Players take part in a club basketball game at XL Sports World in Saco in June. All games are now on hold until mid-January. Ben McCanna/Staff Photographer

Top administrators for club sports organizations in Maine expressed frustration Friday over being told that they must halt their activities to align with the state’s revised Community Sports Guidelines.

Lenny Holmes, the director of Maine Hoops, would have liked a little advance warning.

“I did not think they would go to this extreme where they would put out new guidelines on a Friday and not give us a week to get ourselves together,” said Holmes, whose organization oversees most of the club basketball tournaments in Maine.

Andrew Pelletier, the director of operations of Seacoast United Maine, wishes youth sports organizers could have had a voice in the decision.

“There’s a lot of smart people in these sports organizations around the state and I haven’t been a part of any conversations with the state and we’re the largest soccer club in Maine,” Pelletier said. “I would love to just get some reasoning and some ideas of what’s happening ahead of time, rather than finding out through the news, but that is what it is and we’ll see what happens.”

Mike Keaney, president of the Maine Amateur Hockey Association, says his organization has complied with the state’s guidelines.

“We wish quite honestly we’d had a little more opportunity to have some input,” Keaney said. “We were in compliance up until this point and we’ll continue to be in compliance, but what that means essentially is we have to shut down youth hockey for two months to be in compliance.”

According to the guidelines updated on Friday, team practices are to be halted for moderate-risk sports such as hockey, basketball and soccer until Dec. 14, with games allowed on or after Jan. 11, pending further review expected around Jan. 1.
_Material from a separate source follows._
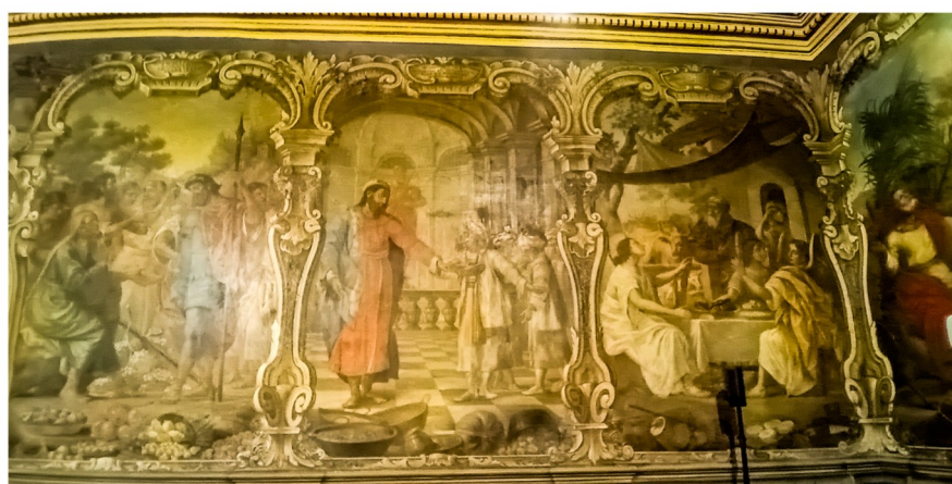
Parti mill-ħajt tar-Reflettorju

Jeanne Lambrew, commissioner of the Maine Department of Health and Human Services, made it clear the updated guidelines apply to club sports.
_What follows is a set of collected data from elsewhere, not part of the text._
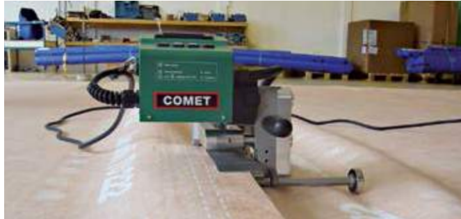
Automatické vedení a posuv.

Přístroj určený pro prefabrikaci podstřešních membrán.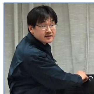
それこそロータリー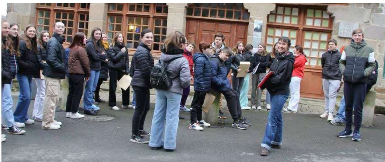
Sur les traces d'Ernest Renan avec les élèves de 4ème du collège Ernest Renan

La Cheap Cie est par ailleurs en contact avec les Archives Départementales de Saint Brieuc en vue de créer une collaboration de longue durée pour mettre en voix et en scène les documents patrimoniaux.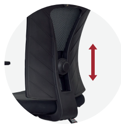
Soporte Lumbar Regulable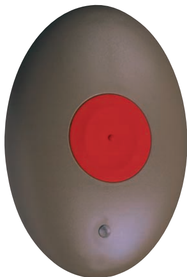
Funkfinger Fufi 950 in Originalgröße

“The short answer is, yes,” Lambrew said when asked if club organizations currently holding games should halt activities.

Holmes said he has postponed this weekend’s scheduled games and did not have any further activity in southern Maine scheduled until Dec. 4. Pelletier said he would need to meet with his Seacoast United management team before making any final decisions on what his club can offer. Keaney said all practices and games involving leagues in his hockey association have been suspended.
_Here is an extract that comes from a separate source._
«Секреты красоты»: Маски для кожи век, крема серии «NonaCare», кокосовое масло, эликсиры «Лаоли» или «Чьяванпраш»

Club programs in many sports have been operating throughout the state since the summer months.

Lambrew said a primary goal of updating the guidelines was to make them consistent for club and school sports.

“There’s a lot to be said for uniformity. It’s a hard sell to tell kids they can’t play for their school, but they’re out playing for a travel team,” said Dean Plante, athletic director and girls’ basketball coach at Old Orchard Beach.

“I’m torn. As a high school coach, you want your kids to play AAU. But you don’t want AAU to ruin your high school season,” said John Trull, the boys’ basketball coach at Bonny Eagle.

Essentially, club sports now will be expected to operate as high school sports did this fall: viewing the guidelines as requirements – not recommendations, as they previously were called – and halting activities in counties determined to be in the “yellow” category, meaning an increased risk of virus spread, by the Maine Department of Education. Four of Maine’s 16 counties – Knox, Somerset, Franklin and Washington – are currently designated yellow.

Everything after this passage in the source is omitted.